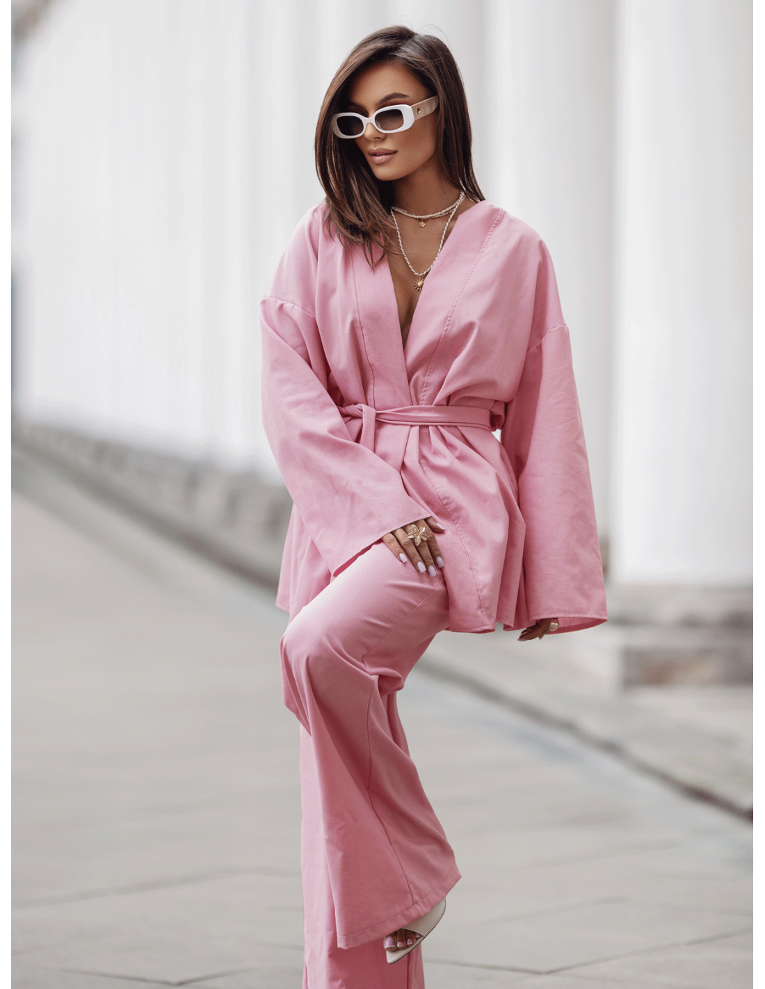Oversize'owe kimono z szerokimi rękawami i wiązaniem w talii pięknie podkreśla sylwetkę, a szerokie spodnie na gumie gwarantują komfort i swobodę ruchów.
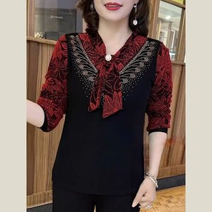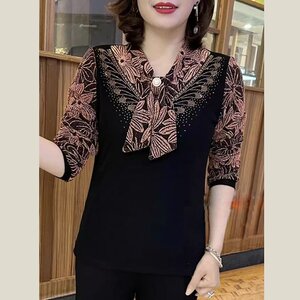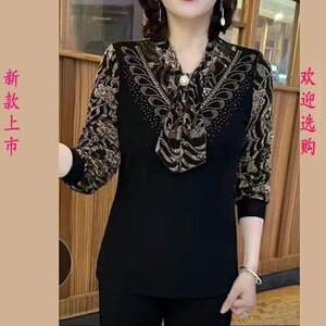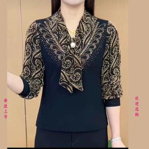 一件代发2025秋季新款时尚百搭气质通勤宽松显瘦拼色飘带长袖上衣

----------------

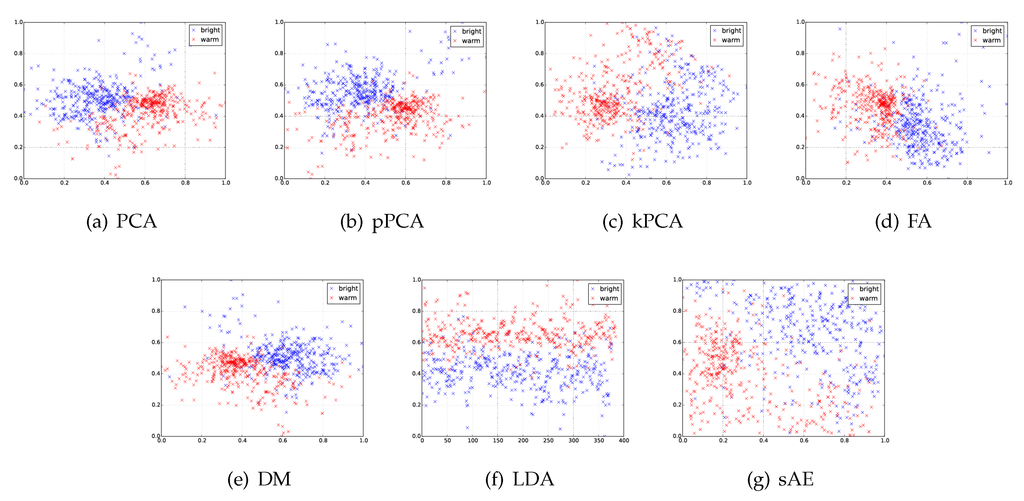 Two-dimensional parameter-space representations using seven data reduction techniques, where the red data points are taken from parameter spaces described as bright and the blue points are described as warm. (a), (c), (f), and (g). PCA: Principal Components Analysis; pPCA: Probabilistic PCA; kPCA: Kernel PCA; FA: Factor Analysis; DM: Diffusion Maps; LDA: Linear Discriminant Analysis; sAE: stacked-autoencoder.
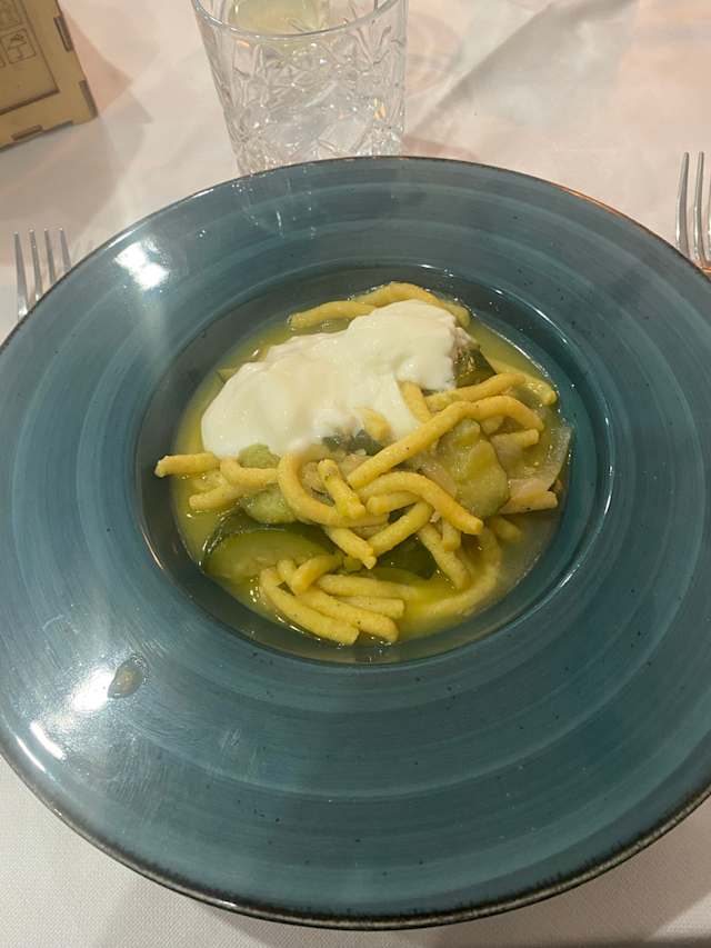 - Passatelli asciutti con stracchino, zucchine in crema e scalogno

----------------

Problem requirements: Print, exactly, each line above from the one with "Two-dimensional parameter-space representations" to the one with "- Passatelli asciutti", end lines included. Leave pictures out of it.

Response to the exercise:
 Two-dimensional parameter-space representations using seven data reduction techniques, where the red data points are taken from parameter spaces described as bright and the blue points are described as warm. (a), (c), (f), and (g). PCA: Principal Components Analysis; pPCA: Probabilistic PCA; kPCA: Kernel PCA; FA: Factor Analysis; DM: Diffusion Maps; LDA: Linear Discriminant Analysis; sAE: stacked-autoencoder.
 - Passatelli asciutti con stracchino, zucchine in crema e scalogno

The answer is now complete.